▶ Try it: In the data below, locate the line containing "Светодиодный кольцевой светильник" and the line containing "The conversion spread", then retype both and everything between them exactly. Pictures are not part of the copy.

▶ Records shown:
════

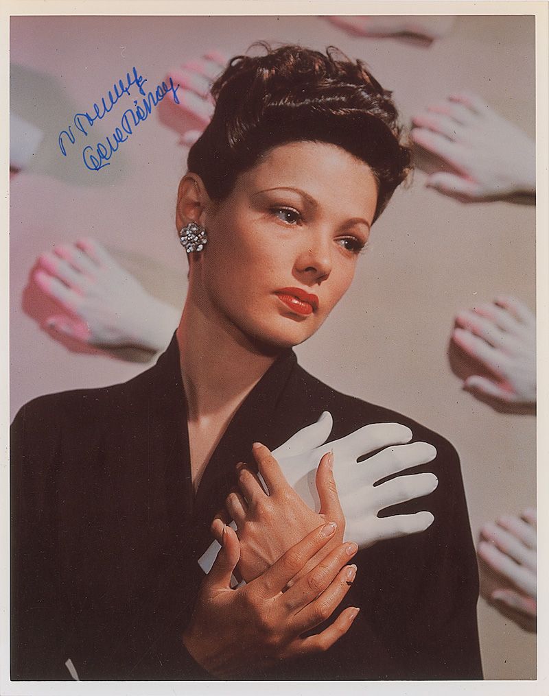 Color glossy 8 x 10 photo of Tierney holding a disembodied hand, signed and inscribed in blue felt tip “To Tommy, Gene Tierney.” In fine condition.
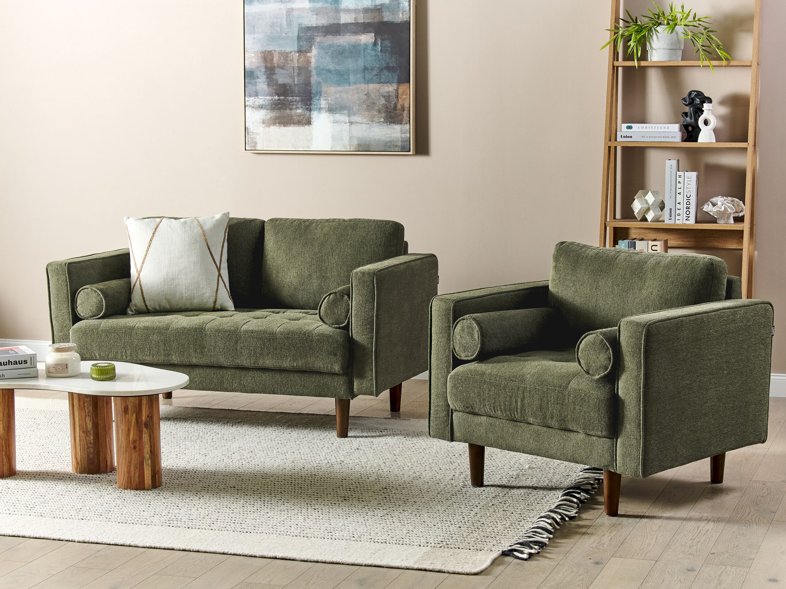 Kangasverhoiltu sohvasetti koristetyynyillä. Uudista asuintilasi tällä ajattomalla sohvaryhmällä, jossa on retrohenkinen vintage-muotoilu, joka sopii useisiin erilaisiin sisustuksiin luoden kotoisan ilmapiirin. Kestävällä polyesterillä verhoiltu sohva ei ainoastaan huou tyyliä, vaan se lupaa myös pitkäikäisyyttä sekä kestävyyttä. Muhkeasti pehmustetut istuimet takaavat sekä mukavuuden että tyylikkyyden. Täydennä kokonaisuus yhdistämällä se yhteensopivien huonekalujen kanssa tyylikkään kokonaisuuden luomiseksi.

════

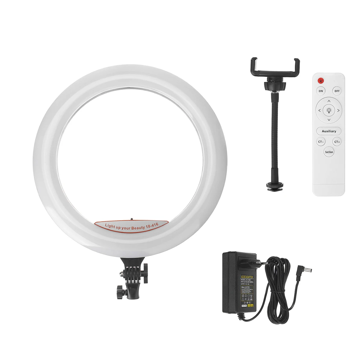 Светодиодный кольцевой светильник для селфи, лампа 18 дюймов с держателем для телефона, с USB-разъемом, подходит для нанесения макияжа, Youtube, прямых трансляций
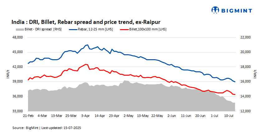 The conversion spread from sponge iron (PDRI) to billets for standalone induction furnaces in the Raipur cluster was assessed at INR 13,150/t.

════

▶ Result of this exercise:
 Светодиодный кольцевой светильник для селфи, лампа 18 дюймов с держателем для телефона, с USB-разъемом, подходит для нанесения макияжа, Youtube, прямых трансляций
 The conversion spread from sponge iron (PDRI) to billets for standalone induction furnaces in the Raipur cluster was assessed at INR 13,150/t.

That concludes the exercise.